Friday, May 11, 2012


Profesor Milan Katuninec during his speech at the WOW seminar on the Social Dialogue in Europe

Profesor Milan Katuninec of the Slowakian Trnva Univeristy spoke on the WOW seminar on the social dialogue in Europe. We have the pleasure to publish here the first of three important partis of his speech that can be useful for trade unions elsewhere in the world.

"Despite different developments of trade unionism, we all agree that the trade union movement must be an important part of civil society. But from 1989 there has been a widespread decline in the trade union membership in all central and east European countries. Poland has a level of union density of less than 15%, Hungary 16,8%, Czech Republic and Slovakia 17%, Bulgaria about 20%, and only in Romania is the density with 33% above the EU average.There have been many attempts to explain this negative trend and I know that we have no time to deal with them in detail. I will mention briefly only some of them.

One reason for this is a large structural change in the industrial breakup of enterprises that have not been competitive in new market conditions, the privatization of enterprises and new companies with transnational capital. During the period of reckless privatization, there was a weakening of the position of the trade union movement in many enterprises, the basic social rights of employees were ignored, and the market economy was reflected in the uncompromising assertiveness of the unrestrained capitalism. Most of employees who remain today in the trade union organizations are working for former state-owned companies.  People, who have been sacked and have experienced unemployment, are less likely to join again a trade union after finding a new job, because they have lost trust in the trade union movement. 

In Central and Eastern Europe as well as in many west European countries where the unemployment grows, trade unions are losing their power. We can see in our countries a failure of active social policy, which emphasizes prevention of social problems by taking action „ex ante“.  There is a growing number of young people in Central and Eastern Europe without any work habits, without having to learn that nothing is free.
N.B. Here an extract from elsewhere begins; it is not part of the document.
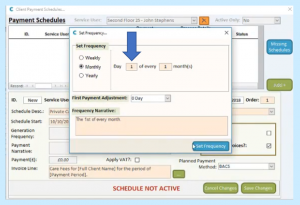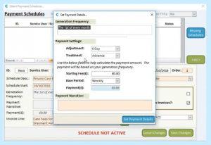 What’s really important if you have social services that pay on a weekly basis or two weekly basis is that you get the correct Generation Frequency. So, if we go in and pick to have a fee schedule running on 2 weekly and say the invoices will be generated on a Sunday in terms of the frequency of payments…

There are 35.6 % young people in Slovak Republic unemployment and many of them are loosing active interest in work. They are without personal responsibility and roam the streets. This people, without acceptation that the borrowed money should have to be paid back, are living on state support without any hope for better future. In an unhealthy environment the importance of future and the strategy focused on goals of serving the common good is often underestimated, and the attention goes to the negotiations for solving of accumulated problems.  In such an environment we can not wonder that the view of young people on the social policy is significantly different from the view of the older generation, for whom unemployment is a huge shock. But there also are different views among young people."